**TO DO**
Without the pictures, set down every record below exactly as it reads.
***** INPUT DATA *****
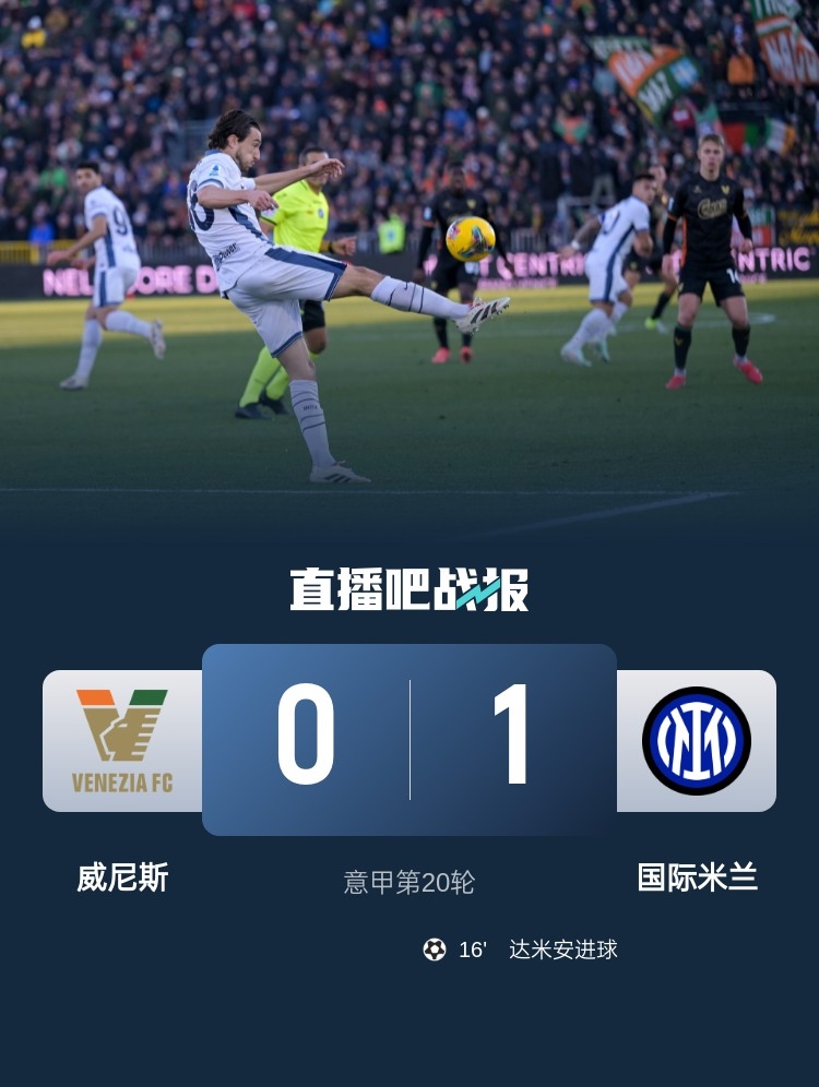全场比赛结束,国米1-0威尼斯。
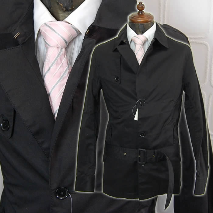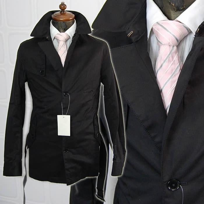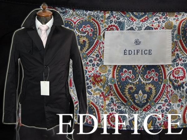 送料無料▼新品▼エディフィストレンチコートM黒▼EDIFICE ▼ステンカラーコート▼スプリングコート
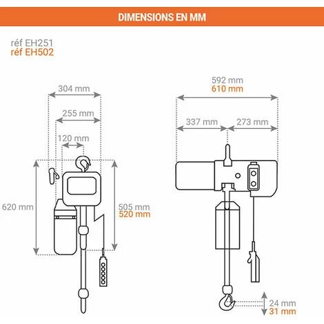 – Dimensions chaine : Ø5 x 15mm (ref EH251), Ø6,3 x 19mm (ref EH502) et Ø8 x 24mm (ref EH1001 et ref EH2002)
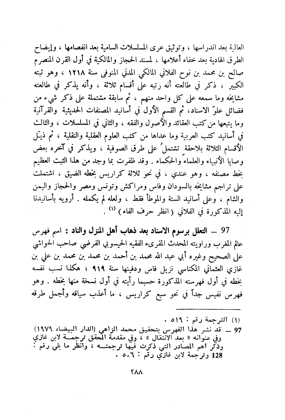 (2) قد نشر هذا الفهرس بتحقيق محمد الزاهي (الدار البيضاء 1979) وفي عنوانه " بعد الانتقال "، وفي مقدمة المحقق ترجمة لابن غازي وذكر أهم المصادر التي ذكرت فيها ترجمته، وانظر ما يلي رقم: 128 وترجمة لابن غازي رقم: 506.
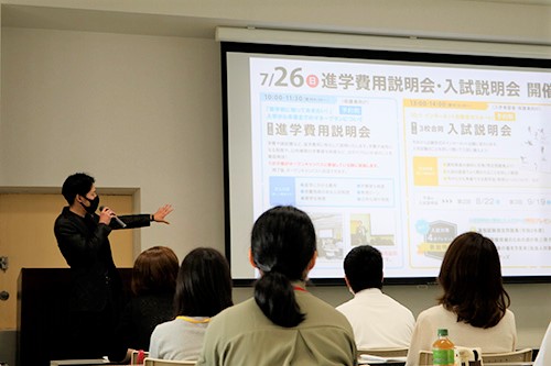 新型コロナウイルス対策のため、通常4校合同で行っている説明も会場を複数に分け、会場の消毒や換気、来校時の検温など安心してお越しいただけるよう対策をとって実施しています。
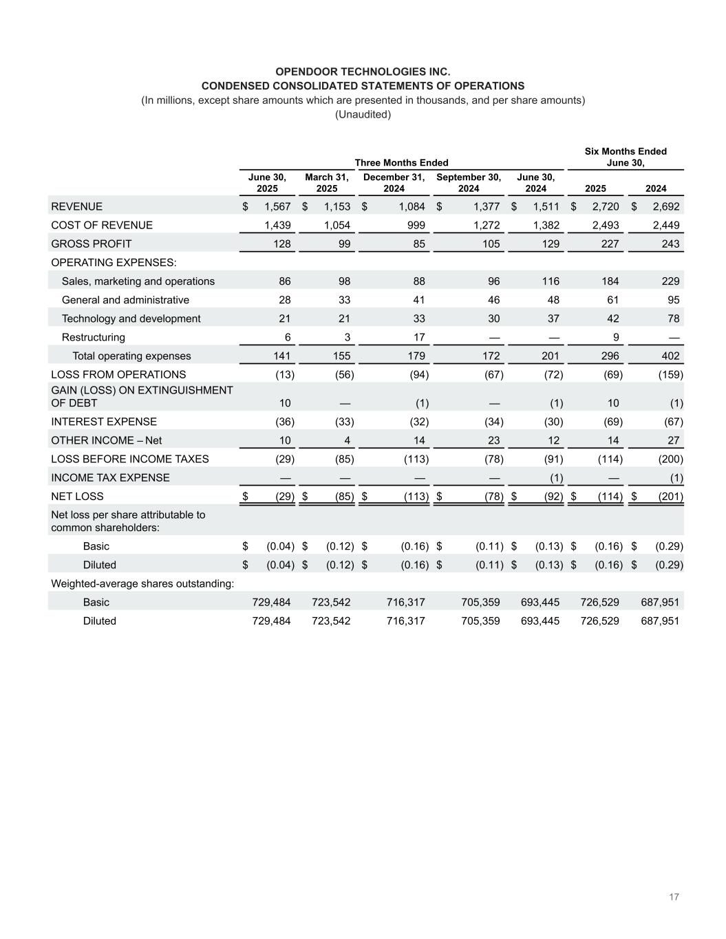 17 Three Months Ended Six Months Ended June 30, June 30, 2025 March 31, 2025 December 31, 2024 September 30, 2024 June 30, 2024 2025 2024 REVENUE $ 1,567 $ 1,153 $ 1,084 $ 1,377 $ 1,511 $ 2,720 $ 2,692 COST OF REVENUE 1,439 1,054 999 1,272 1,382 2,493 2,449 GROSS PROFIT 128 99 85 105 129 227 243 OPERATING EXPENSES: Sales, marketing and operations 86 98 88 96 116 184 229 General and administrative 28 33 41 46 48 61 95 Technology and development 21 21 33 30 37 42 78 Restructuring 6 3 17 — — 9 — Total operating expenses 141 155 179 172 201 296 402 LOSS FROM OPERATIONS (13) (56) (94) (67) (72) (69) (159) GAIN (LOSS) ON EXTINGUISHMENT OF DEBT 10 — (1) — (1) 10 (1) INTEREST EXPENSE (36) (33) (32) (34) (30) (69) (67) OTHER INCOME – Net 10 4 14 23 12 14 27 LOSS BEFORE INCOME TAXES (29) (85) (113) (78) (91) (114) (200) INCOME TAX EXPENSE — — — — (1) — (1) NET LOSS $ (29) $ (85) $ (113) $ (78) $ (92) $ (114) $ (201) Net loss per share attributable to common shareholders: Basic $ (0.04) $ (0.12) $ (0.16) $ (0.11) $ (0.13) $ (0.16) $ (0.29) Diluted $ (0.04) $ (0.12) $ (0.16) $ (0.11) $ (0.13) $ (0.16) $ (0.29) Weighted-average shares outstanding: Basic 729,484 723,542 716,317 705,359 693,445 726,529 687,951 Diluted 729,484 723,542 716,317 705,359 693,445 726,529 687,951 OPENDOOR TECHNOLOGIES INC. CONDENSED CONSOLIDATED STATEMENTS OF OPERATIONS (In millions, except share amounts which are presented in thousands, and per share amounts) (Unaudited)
*****
**EXERCISE ANSWER**
全场比赛结束,国米1-0威尼斯。
 送料無料▼新品▼エディフィストレンチコートM黒▼EDIFICE ▼ステンカラーコート▼スプリングコート
 – Dimensions chaine : Ø5 x 15mm (ref EH251), Ø6,3 x 19mm (ref EH502) et Ø8 x 24mm (ref EH1001 et ref EH2002)
 (2) قد نشر هذا الفهرس بتحقيق محمد الزاهي (الدار البيضاء 1979) وفي عنوانه " بعد الانتقال "، وفي مقدمة المحقق ترجمة لابن غازي وذكر أهم المصادر التي ذكرت فيها ترجمته، وانظر ما يلي رقم: 128 وترجمة لابن غازي رقم: 506.
 新型コロナウイルス対策のため、通常4校合同で行っている説明も会場を複数に分け、会場の消毒や換気、来校時の検温など安心してお越しいただけるよう対策をとって実施しています。
 17 Three Months Ended Six Months Ended June 30, June 30, 2025 March 31, 2025 December 31, 2024 September 30, 2024 June 30, 2024 2025 2024 REVENUE $ 1,567 $ 1,153 $ 1,084 $ 1,377 $ 1,511 $ 2,720 $ 2,692 COST OF REVENUE 1,439 1,054 999 1,272 1,382 2,493 2,449 GROSS PROFIT 128 99 85 105 129 227 243 OPERATING EXPENSES: Sales, marketing and operations 86 98 88 96 116 184 229 General and administrative 28 33 41 46 48 61 95 Technology and development 21 21 33 30 37 42 78 Restructuring 6 3 17 — — 9 — Total operating expenses 141 155 179 172 201 296 402 LOSS FROM OPERATIONS (13) (56) (94) (67) (72) (69) (159) GAIN (LOSS) ON EXTINGUISHMENT OF DEBT 10 — (1) — (1) 10 (1) INTEREST EXPENSE (36) (33) (32) (34) (30) (69) (67) OTHER INCOME – Net 10 4 14 23 12 14 27 LOSS BEFORE INCOME TAXES (29) (85) (113) (78) (91) (114) (200) INCOME TAX EXPENSE — — — — (1) — (1) NET LOSS $ (29) $ (85) $ (113) $ (78) $ (92) $ (114) $ (201) Net loss per share attributable to common shareholders: Basic $ (0.04) $ (0.12) $ (0.16) $ (0.11) $ (0.13) $ (0.16) $ (0.29) Diluted $ (0.04) $ (0.12) $ (0.16) $ (0.11) $ (0.13) $ (0.16) $ (0.29) Weighted-average shares outstanding: Basic 729,484 723,542 716,317 705,359 693,445 726,529 687,951 Diluted 729,484 723,542 716,317 705,359 693,445 726,529 687,951 OPENDOOR TECHNOLOGIES INC. CONDENSED CONSOLIDATED STATEMENTS OF OPERATIONS (In millions, except share amounts which are presented in thousands, and per share amounts) (Unaudited)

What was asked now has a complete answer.